Слово «подлец», брошенное возмущенной женщиной, несомненно, предвещало бурю. Если джентльмен называет подлецом другого джентльмена, это почти всегда ведет к открытому столкновению. Когда джентльмена так называет леди, все, конечно, иначе, но все равно отношения резко изменяются. В данном же случае подобный всплеск эмоций предвещал скорое окончание ссоры.
Последовало резкое восклицание мужа, который, вскочив с места, стал нервно ходить взад и вперед по «своей» половине комнаты. Другую половину для подобных прогулок еще раньше облюбовала жена.
Не говоря больше ни слова, они ходили каждый в своем углу, то и дело бросая друг на друга сердитые взгляды, словно тигр и тигрица в одной клетке. Это продолжалось более десяти минут.
Мужчине первому наскучило это хождение, ему захотелось вернуться на свое место, он сел, вытащил сигару и прикурил.
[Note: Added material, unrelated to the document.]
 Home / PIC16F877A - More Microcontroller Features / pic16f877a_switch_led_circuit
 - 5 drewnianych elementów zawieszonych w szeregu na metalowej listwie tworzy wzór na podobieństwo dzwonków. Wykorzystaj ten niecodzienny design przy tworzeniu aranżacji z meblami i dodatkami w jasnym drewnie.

Женщина, которая не хотела от него отставать ни в чем, тоже закурила — свою, тонкую «королевскую» — сигару и, опустившись в кресло-качалку, вскоре покрылась облаком сигаретного дыма. Теперь она напоминала Юнону [22] , почти невидимую из-за нимба.
22
Юнона — древнеримская богиня, супруга Юпитера
Стороны перестали обмениваться взглядами (это стало невозможным), и молчание продолжилось еще десять минут, или даже больше. Жена молча копила гнев, в то время как муж, казалось, был занят некоей серьезной проблемой, захватившей все его сознание. Вдруг с его губ сорвалось резкое восклицание — он нашел какое-то решение; и выражение его лица, едва заметного сквозь сигаретный дым, говорило о том, что это решение его вполне удовлетворяет.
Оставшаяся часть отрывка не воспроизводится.